La Banque mondiale marque un tournant dans sa collaboration avec le Gabon en confiant les rênes de son antenne locale à un expert chevronné. Depuis le 1er juillet 2026, Sylvain Kakou, originaire de Côte d’Ivoire, endosse le costume de Senior Country Manager à Libreville. Sa mission ? Guider les actions concertées du groupe dans un pays engagé dans une restructuration institutionnelle ambitieuse, tout en assurant la synergie entre les différentes branches de l’institution, des programmes souverains aux initiatives dédiées au secteur privé.

Cette prise de poste survient à un moment clé pour la capitale gabonaise. Le pays, sorti d’une période de transition politique ouverte en août 2023, mise sur un renforcement de ses fondamentaux économiques et une diversification de son modèle de développement, encore trop dépendant des revenus pétroliers. L’arrivée d’un professionnel aguerri, spécialiste des enjeux de financement du développement en Afrique subsaharienne, s’inscrit dans une démarche plus large de rapprochement stratégique entre la Banque mondiale et les autorités locales.

Un profil forgé dans le financement du secteur privé en Afrique de l’Ouest

Avant de rejoindre Libreville, Sylvain Kakou pilotait, depuis août 2023, les activités de la Société financière internationale (SFI) pour la région du Sahel. Ce rôle lui a permis de superviser des opérations dans cinq pays aux réalités contrastées : le Burkina Faso, le Tchad, le Mali, la Mauritanie et le Niger. Une expérience riche en défis, combinant pressions sécuritaires, fragilités budgétaires et besoins criants en investissements productifs.

Cette expertise sahélienne représente un atout majeur pour aborder les enjeux gabonais. La SFI, bras armé de la Banque mondiale dédié au secteur privé, intervient via des prêts, des prises de participation et des conseils stratégiques auprès des entreprises. Le choix d’un profil issu de cette culture financière pour diriger la représentation gabonaise suggère une orientation vers un soutien accru à l’entrepreneuriat local, dans un contexte où ce dernier peine à s’imposer face à l’influence des commandes publiques et des activités extractives.

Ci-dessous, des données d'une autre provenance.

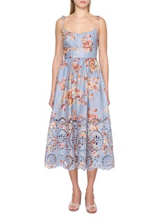 Romantic whimsy blooms in this Zimmermann floral midi dress, where delicate botanical embroidery dances across soft, flowing layers of sky-blue fabric. The scoop neckline and thin straps add a touch of vintage charm, while the eyelet embroidery and flared skirt create movement and grace. A dreamy statement for those who embrace effortless femininity.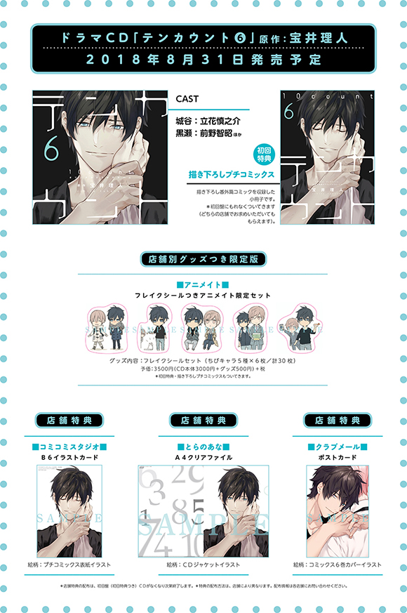 宝井理人先生原作ドラマCD「テンカウント⑥」特典情報!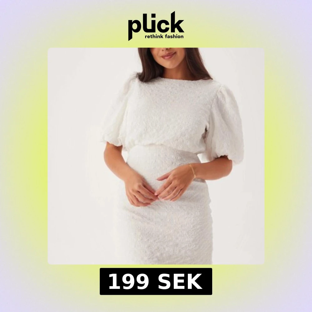 Superfin vit studentklänning med puffärmar och snygg rosettdetalj i ryggen. Klänningen har en strukturerad yta och markerad midja. Använd en gång 😀Skulle säga att det är en stor M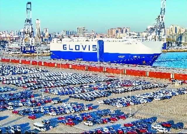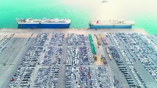 圖片說明1:在碼頭上等待出口裝船的中國汽車。(視覺中國)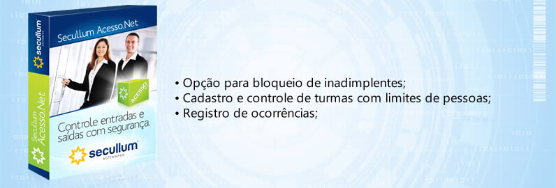• Configurações de avisos sobre vencimentos de mensalidades nos equipamentos de acesso;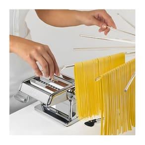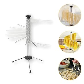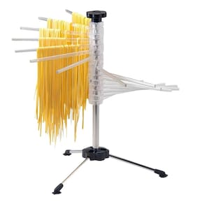 Secador Varal para Massas é a escolha perfeita para quem busca eficiência ao fazer massas caseiras. Com 16 hastes flexíveis de acrílico e um suporte resistente de inox, ele oferece muito espaço para secar até 1,8 kg de massa de forma organizada.Suas dimensões (30 x 20 x 45 cm) e peso (0,68 kg) fazem dele um acessório leve e fácil de guardar, sem ocupar muito espaço. A base de 3 pernas oferece boa estabilidade, e o botão superior permite estender as hastes rapidamente. O bastão embutido no tubo central é útil para manusear a massa seca com segurança. Além disso, o design transparente das hastes de acrílico dá um toque moderno à sua cozinha.Especificações Item:Altura: 45cmLargura: 20cmComprimento: 30cmPeso: 0,680kg (aprox.)Cor: TransparenteEspecificações Caixa:Altura: 38cmLargura: 8,5cmComprimento: 12,5cmPeso: 0,720kg (aprox.)Item incluso:1 Suporte, base com Tripé, bastão para manuseio, 16 Hastes.Dicas:1° Limpeza facilitada: você pode limpá-lo com a parte macia da esponja e com sabão neutro.2° Evite limpar com produtos químicos ou abrasivos;3° Quando não for utilizar, dobre e guarde em local seguro para maior durabilidade do produto.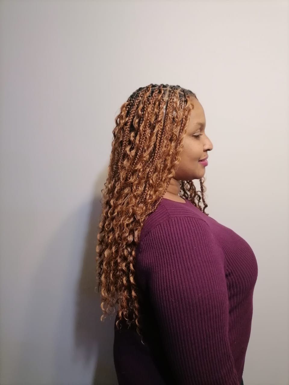 Our boho braids blend texture and volume for a carefree yet stylish look. This style incorporates loose, flowing braids that add dimension and movement, perfect for those seeking a unique and trendy appearance.

Le Gabon en quête de leviers de croissance innovants

Le nouveau responsable hérite d’une feuille de route exigeante. Les autorités en place, qu’elles soient issues de la transition ou du scrutin de 2025, ont multiplié les engagements en faveur de la diversification économique, du développement des filières locales (bois, manganèse, agroalimentaire) et de la modernisation des infrastructures. Ces objectifs nécessitent des financements avantageux et des garanties, des ressources que seule une institution comme la Banque mondiale peut mobiliser à grande échelle.

La coordination des différentes entités du groupe, soulignée dans le mandat de Sylvain Kakou, revêt une importance capitale. L’Association internationale de développement, la Banque internationale pour la reconstruction et le développement, la SFI et l’Agence multilatérale de garantie des investissements interviennent avec des outils distincts. Optimiser ces synergies permettra de maximiser l’impact des fonds alloués, dans un contexte où les marges de manœuvre budgétaires du Gabon restent limitées par le poids de sa dette.

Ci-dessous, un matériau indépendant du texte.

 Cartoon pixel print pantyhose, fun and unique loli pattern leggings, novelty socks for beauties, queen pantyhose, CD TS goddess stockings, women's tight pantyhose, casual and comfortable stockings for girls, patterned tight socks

Un message fort pour l’ensemble de la sous-région

Le choix d’un cadre ouest-africain pour diriger les opérations de la Banque mondiale en Afrique centrale envoie un signal fort. Il illustre la volonté de l’institution de favoriser la circulation des compétences entre ses différents hubs régionaux, rompre avec une approche cloisonnée et renforcer l’efficacité des interventions. Pour les décideurs gabonais, ce nouveau représentant arrive avec une connaissance approfondie des mécanismes de financement hybride et des programmes d’appui aux États fragiles — une expertise directement exploitable pour répondre aux priorités de reconstruction définies par le gouvernement.

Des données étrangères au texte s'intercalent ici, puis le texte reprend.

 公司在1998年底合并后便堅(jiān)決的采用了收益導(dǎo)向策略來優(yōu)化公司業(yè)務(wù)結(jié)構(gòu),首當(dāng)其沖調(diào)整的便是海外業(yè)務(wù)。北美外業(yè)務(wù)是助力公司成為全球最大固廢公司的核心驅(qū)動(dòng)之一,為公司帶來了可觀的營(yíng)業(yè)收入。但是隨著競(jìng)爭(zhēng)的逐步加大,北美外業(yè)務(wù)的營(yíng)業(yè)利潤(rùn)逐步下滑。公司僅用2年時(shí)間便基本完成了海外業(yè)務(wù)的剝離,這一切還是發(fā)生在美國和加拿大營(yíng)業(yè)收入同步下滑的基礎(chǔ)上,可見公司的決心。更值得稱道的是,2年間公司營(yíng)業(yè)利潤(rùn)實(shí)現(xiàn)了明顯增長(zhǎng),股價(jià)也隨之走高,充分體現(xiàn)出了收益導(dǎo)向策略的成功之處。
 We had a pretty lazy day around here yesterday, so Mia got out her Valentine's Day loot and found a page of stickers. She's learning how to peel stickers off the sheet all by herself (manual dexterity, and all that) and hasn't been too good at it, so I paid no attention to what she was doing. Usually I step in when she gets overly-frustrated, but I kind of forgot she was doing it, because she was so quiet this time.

Les prochains mois seront déterminants pour évaluer la mise en œuvre concrète des orientations du nouveau responsable, notamment sur les programmes en discussion dans les domaines de l’énergie, de la gouvernance et du capital humain. Le portefeuille d’interventions de la Banque mondiale au Gabon devrait connaître des ajustements stratégiques, alignés sur le nouveau cadre de partenariat pays actuellement en élaboration.